Rank-Specific Annotation

  • SetTaxonAtRank(taxonomy, rank): Annotates the sequence with taxid and scientific name at a specified Linnaean rank (e.g., "species", "genus"). Sets two attributes: rank_taxid and rank_name. Returns the taxon at that rank (or nil).

  • Convenience wrappers:

    • SetSpecies(...)
    • SetGenus(...)
    • SetFamily(...)
      All delegate to SetTaxonAtRank.

Taxonomic Path & Metadata

  • SetPath(taxonomy): Computes and stores the full taxonomic lineage (from root to species) as a string slice under attribute "taxonomic_path".

  • Path(): Retrieves the stored taxonomic path; recomputes it if missing and a default taxonomy exists.

  • SetScientificName(taxonomy): Stores the sequences species-level scientific name under "scientific_name".

  • SetTaxonomicRank(taxonomy): Stores the taxons rank (e.g., "species", "genus") under "taxonomic_rank".

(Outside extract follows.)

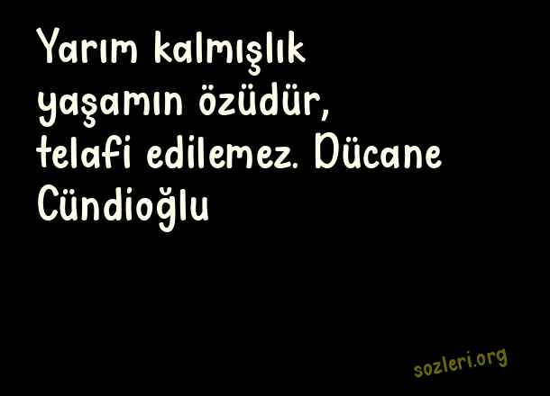 Yarım kalmışlık yaşamın özüdür, telafi edilemez. Dücane Cündioğlu ( Yarım Kalmak )

Error Handling & Configuration

  • Uses logrus and custom logging (obilog) for warnings/errors.
  • Behavior on taxonomy mismatches (e.g., unknown taxid, alias) is configurable via obidefault settings.
  • Ensures type consistency: taxid must be string, int, or float; invalid types trigger fatal errors.

All methods are designed for seamless integration into bioinformatics pipelines, enabling robust taxonomic profiling of sequencing data.